--- Data supplied ---

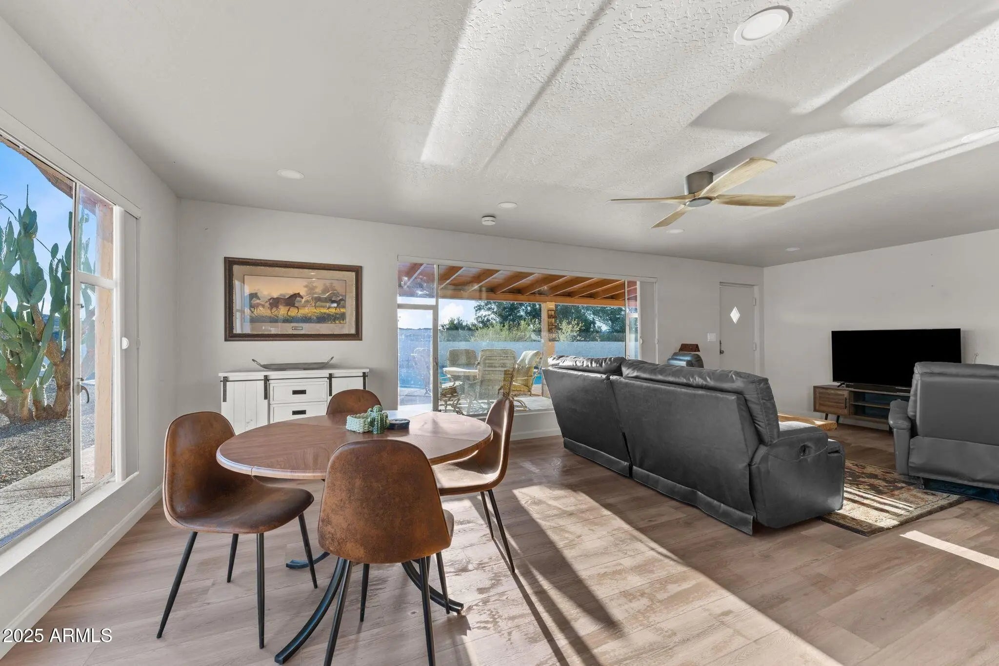 Toothbrush? Check. Suitcase? Check. Horses? Check. That's all you need. Step inside and you'll find a bright, fully furnished 2-bedroom, 1-bath home with a bonus room and a full kitchen that's ready to go. The flow is simple and functional -- living, dining, cooking, relaxing -- already set up so you can just move in and start living. Out back, the western lifestyle takes over: two stalls with room for up to 2 horses (additional fee) and a fully fenced pool area that's as ready for cannonballs as it is for quiet desert sunsets. Saddle up in the morning, swim away the afternoon, and wind down under star-filled skies. This rental isn't just a place to stay -- it's an Arizona experience, fully loaded and waiting for you.
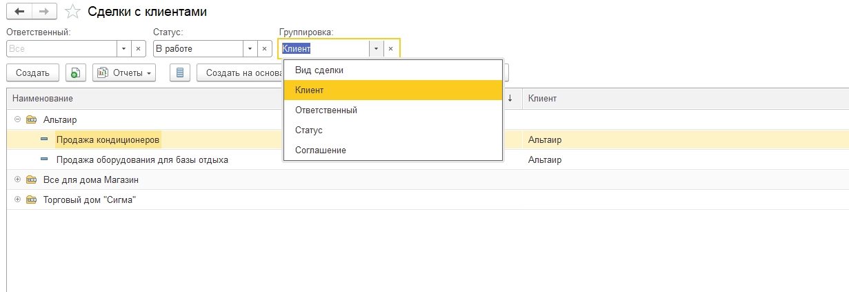 В справочнике «Сделки» пользователь может группировать сделки по виду сделки, клиенту, ответственному лицу, статусу, соглашению.
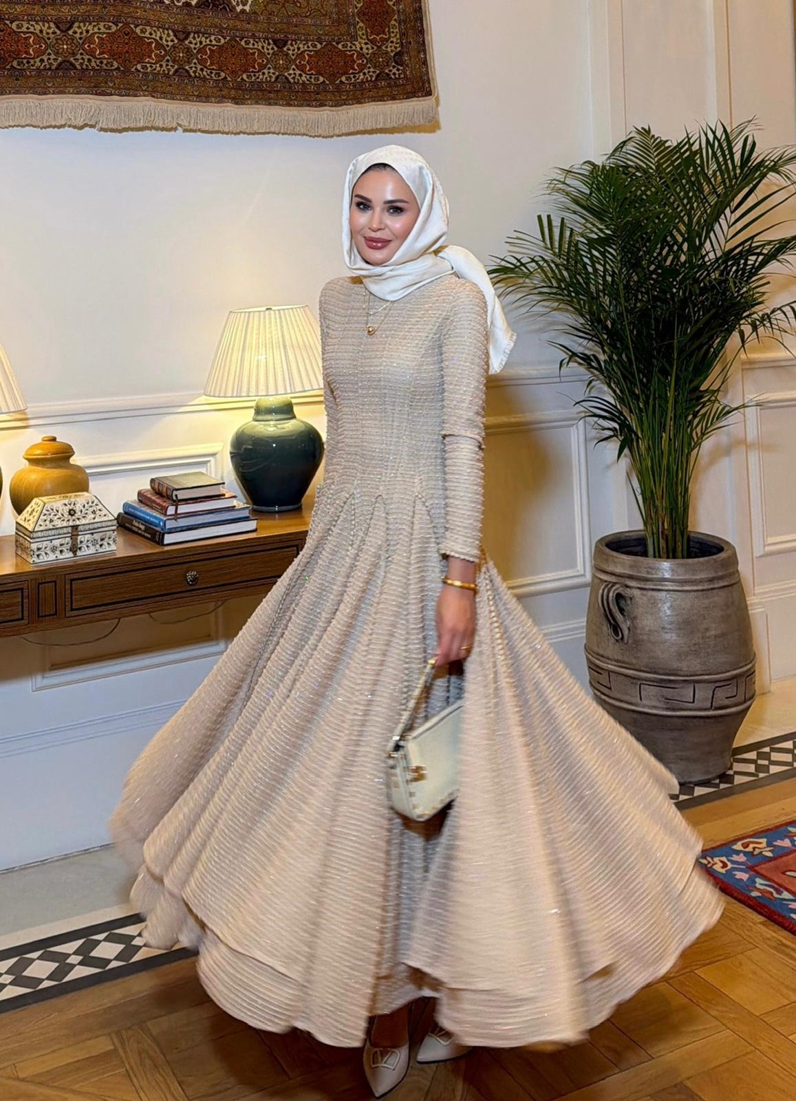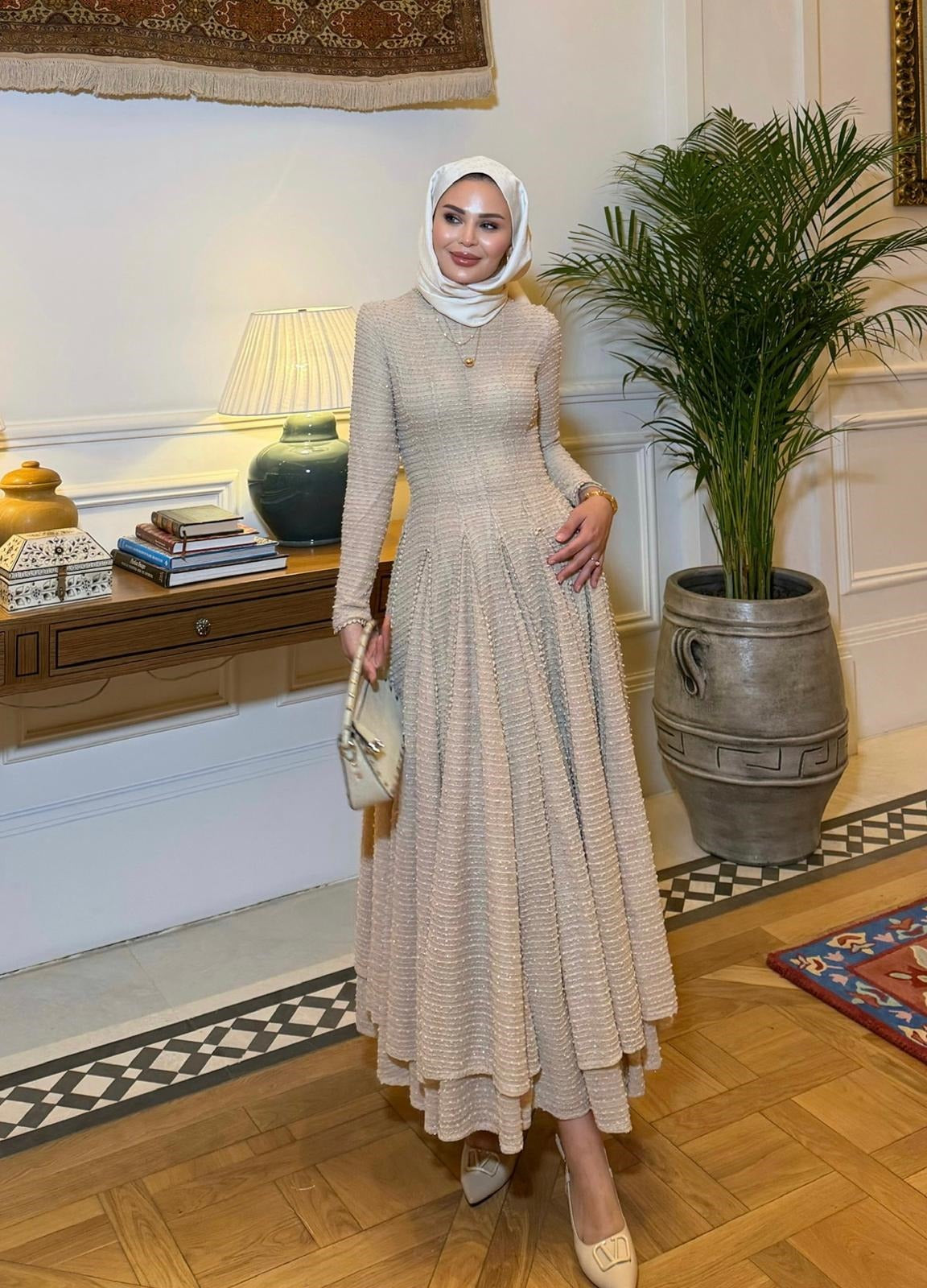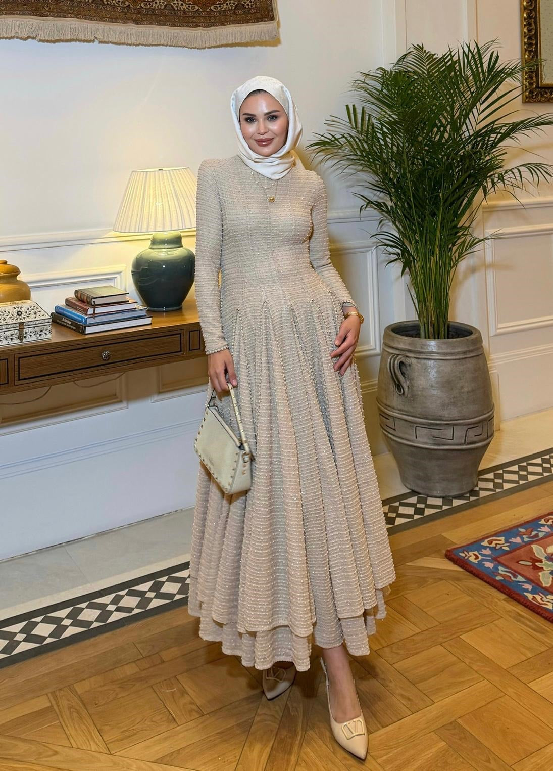 Turn every room into your runway — this cream shimmer maxi dress is crafted from a densely textured, sparkle-woven fabric that catches the light with every movement. The fitted smocked bodice gives way to a dramatically full tiered skirt, creating a silhouette that is both modest and breathtaking. Long sleeves and a high round neckline complete the elegant, occasion-ready look.
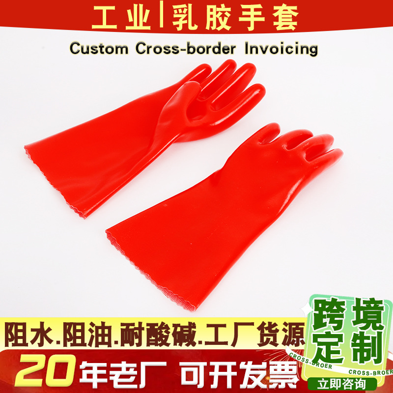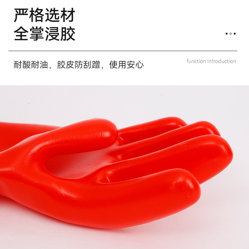 红耐油PVC耐油劳保防化学品防水加长化工石油外贸手套防护防渗透
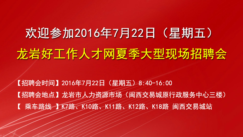 發(fā)布時(shí)間:2016-07-21 17:00:24 | 來源:龍巖好工作人才網(wǎng) | 已瀏覽人次
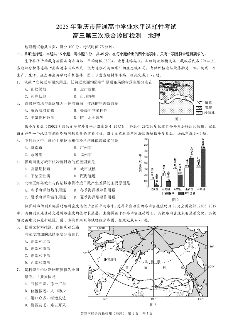 重庆市2025年高三第三次联合诊断检测 地理(康德卷).pdf
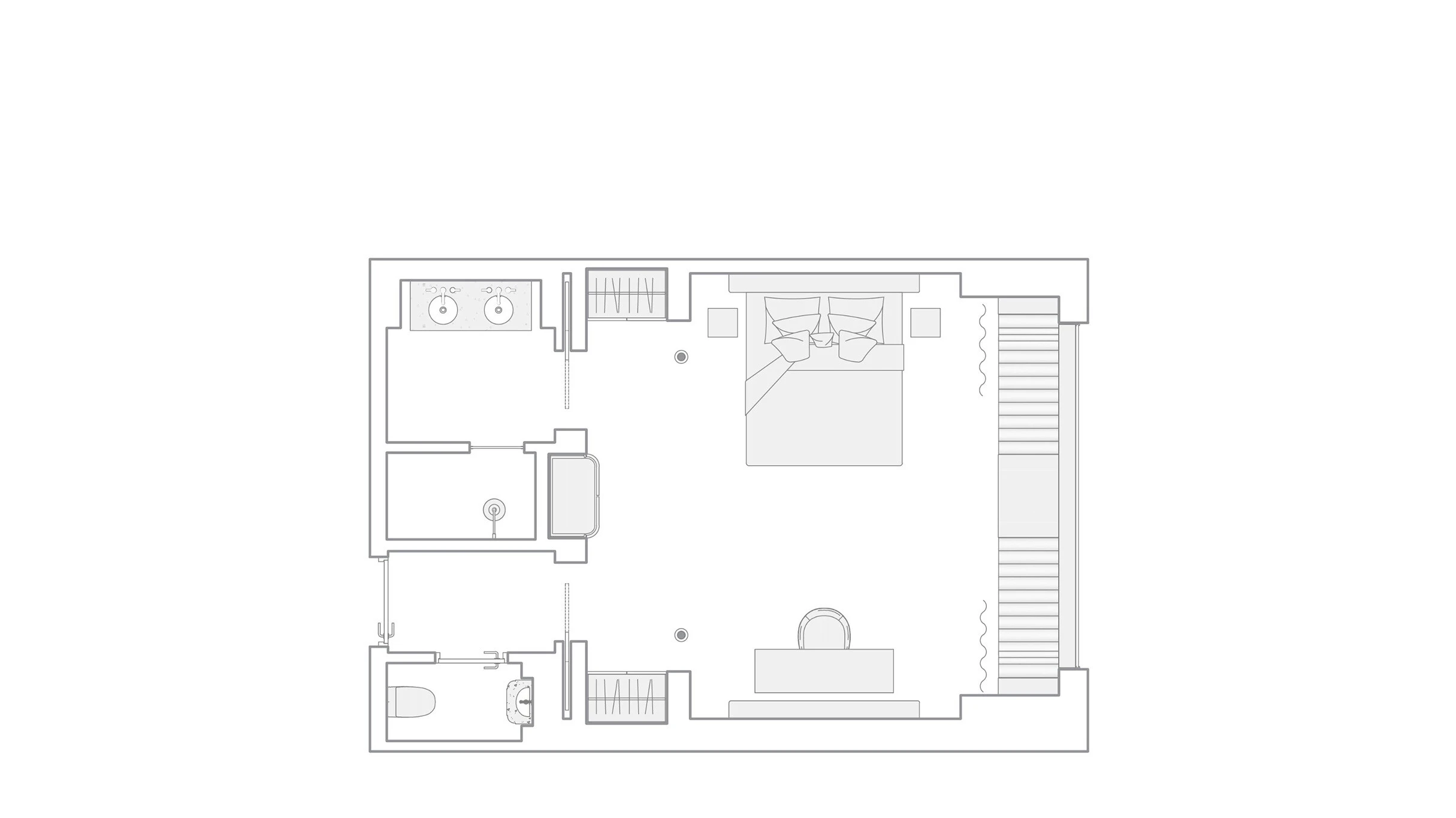 Номер с высокими потолками и панорамными окнами для бескрайних видов. Две раковины и душевая кабина в ванной комнате.
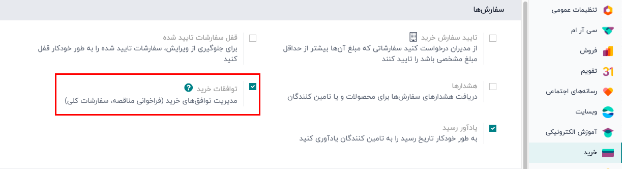 برای ایجاد سفارشهای جامع، ویژگی "توافقنامههای خرید" را از تنظیمات برنامه خرید فعال کنید. به برنامه خرید ‣ پیکربندی ‣ تنظیمات بروید و در بخش سفارشها، گزینه "توافقنامههای خرید" را تیک بزنید. سپس برای اعمال تغییرات روی "ذخیره" کلیک کنید.
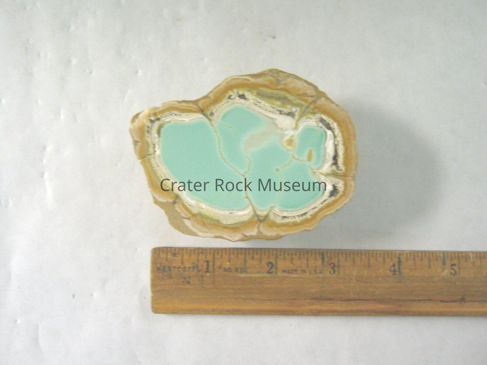 Description: The slab has a rounded back with polished face colored a solid pale green surrounded by a tanish-yellow to light brown matrix.

---

Your copy should start at the line with "برای ایجاد سفارشهای", stop at the last line of the listing above, match exactly, and contain no pictures.

 برای ایجاد سفارشهای جامع، ویژگی "توافقنامههای خرید" را از تنظیمات برنامه خرید فعال کنید. به برنامه خرید ‣ پیکربندی ‣ تنظیمات بروید و در بخش سفارشها، گزینه "توافقنامههای خرید" را تیک بزنید. سپس برای اعمال تغییرات روی "ذخیره" کلیک کنید.
 Description: The slab has a rounded back with polished face colored a solid pale green surrounded by a tanish-yellow to light brown matrix.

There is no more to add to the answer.